Satinder Dhillon of Abbotsford has filed a lawsuit alleging Maxime Bernier’s People’s Party of Canada has infringed on his trademark and copyright of the same name. (Facebook photo)

B.C. man sues Maxime Bernier’s People’s Party over trademark

Satinder Dhillon filed application for trademark same day Maxime Bernier announced the new party

An Abbotsford man has filed a lawsuit with Maxime Bernier’s People’s Party of Canada, claiming the newly formed party has infringed on a trademark he registered in September.

Bernier cut his former ties with the Conservative Party after losing to Andrew Scheer a vote to lead that party into this year’s election. In September, Bernier announced he would be creating a new party: The People’s Party of Canada.

But Abbotsford resident Satinder Singh Dhillon has filed a statement of claim with the Federal Court of Canada to “take back the name ‘People’s Party of Canada,’ ” according to a news release.

RELATED: Bernier’s People’s Party of Canada arrives in the Fraser Valley

“The byelection underway in Burnaby is the first time the other party using our name has put forward a candidate, so it was critical we file for an injunction to show Mr. Bernier and anyone in his party that we are serious,” Dhillon said in a statement. “So far, they have ignored the cease-and-desist letter sent last month by our Chief Agent, Mr. [Emmet] Pierce.”

Dhillon also filed for a judicial review of Elections Canada’s chief elections officer’s decision to approve Bernier’s application to use the name People’s Party of Canada, stating that it is a copyright and trademark infringement.

Because Bernier’s party is running a candidate in the Burnaby South byelection coming on Feb. 25, Dhillon’s lawyer, Dean Davison of Davison Law Group in Vancouver, says “there is some urgency” to getting the judicial review in front of a judge.

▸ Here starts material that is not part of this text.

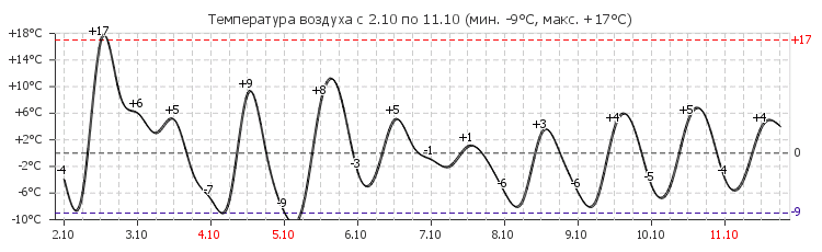 ночь -9°C, без осадков, ясно, ветер Юго-Восточный,6 м/с, влажность 88%
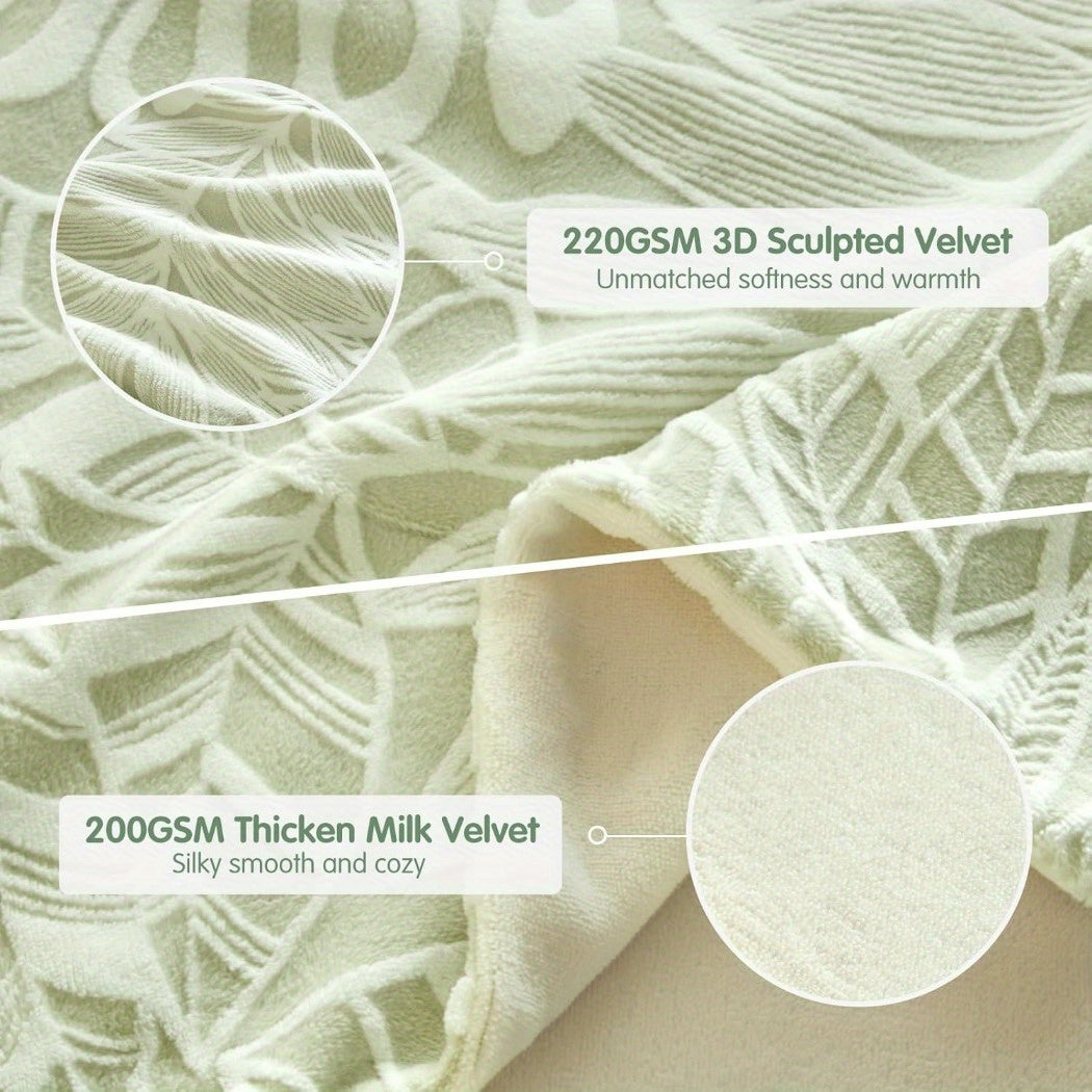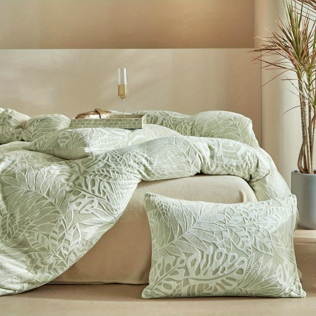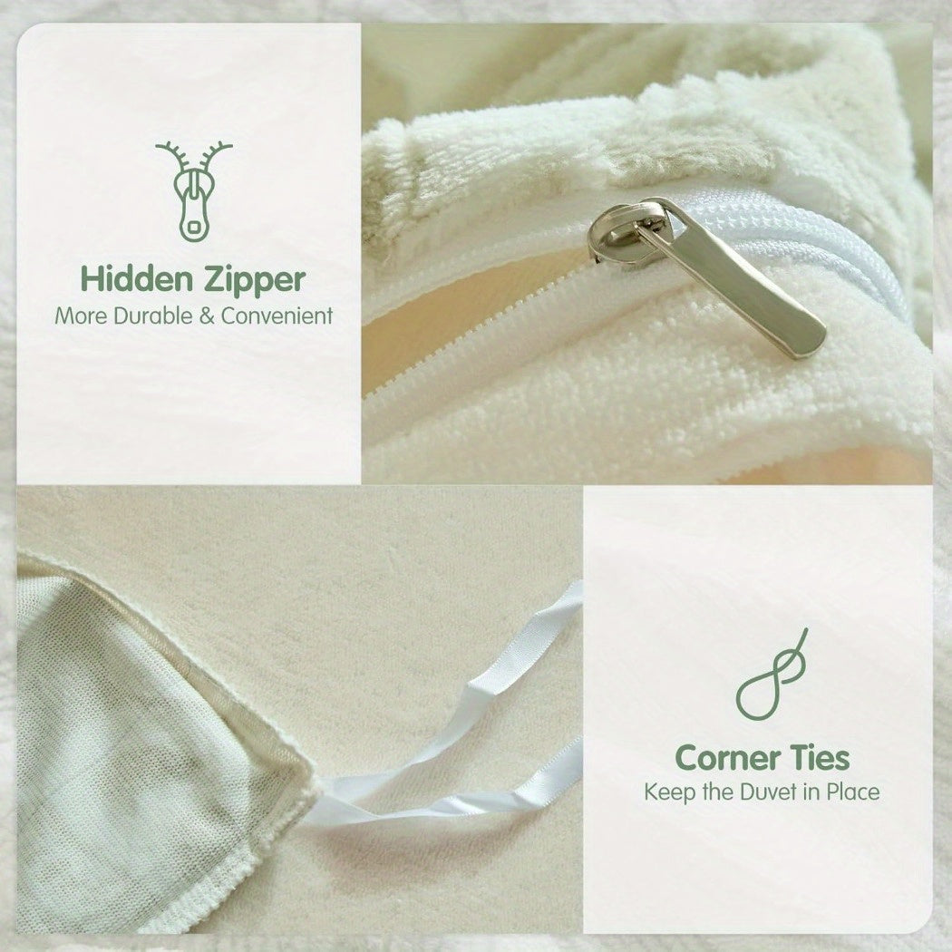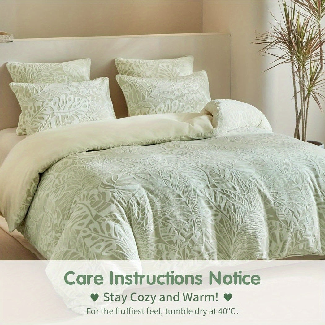Velvet Duvet Cover Queen Size - 3pcs Green Duvet Cover Queen Set, Ultra Soft Warm Fuzzy Flannel Comforter Cover Set with Tufted Floral with 2 Pillowcases (Green, Queen 90"x90")

“I don’t know how prepared Mr. Bernier or his party is to deal with this quickly. Hopefully they are prepared and we can get into court within weeks or days,” Davison said.

“If not, there is the big election, which really is the main issue. So hopefully as soon as we can.”

Dhillon registered “People’s Party of Canada” as a copyright on Sept. 18, 2018, according to the federal government’s copyright registry. That registration notes the “People’s Party of Canada” name was first published with links to Dhillon on July 1, 2015.

In a July 2015 article in The Times of Canada, a news magazine focusing on the South Asian community, Dhillon said he founded an anti-corruption movement in Canada.

“The PPC (People’s Party of Canada) is not about politics, it is much more than that. It is a movement to inform the citizens about what is really going on in this country,” Dhillon is quoted saying in the article posted online in 2015.

Davison said part of Dhillon’s claim hinges on that 2015 quote.

“At that point he gained some rights just by the usage,” Davison said in an interview with The News.

According to the federal government’s trademark registry, Satinder Dhillon of Abbotsford filed a trademark application for the name “People’s Party of Canada” on Sept. 14, 2018, the same day that Bernier publicly announced his new party.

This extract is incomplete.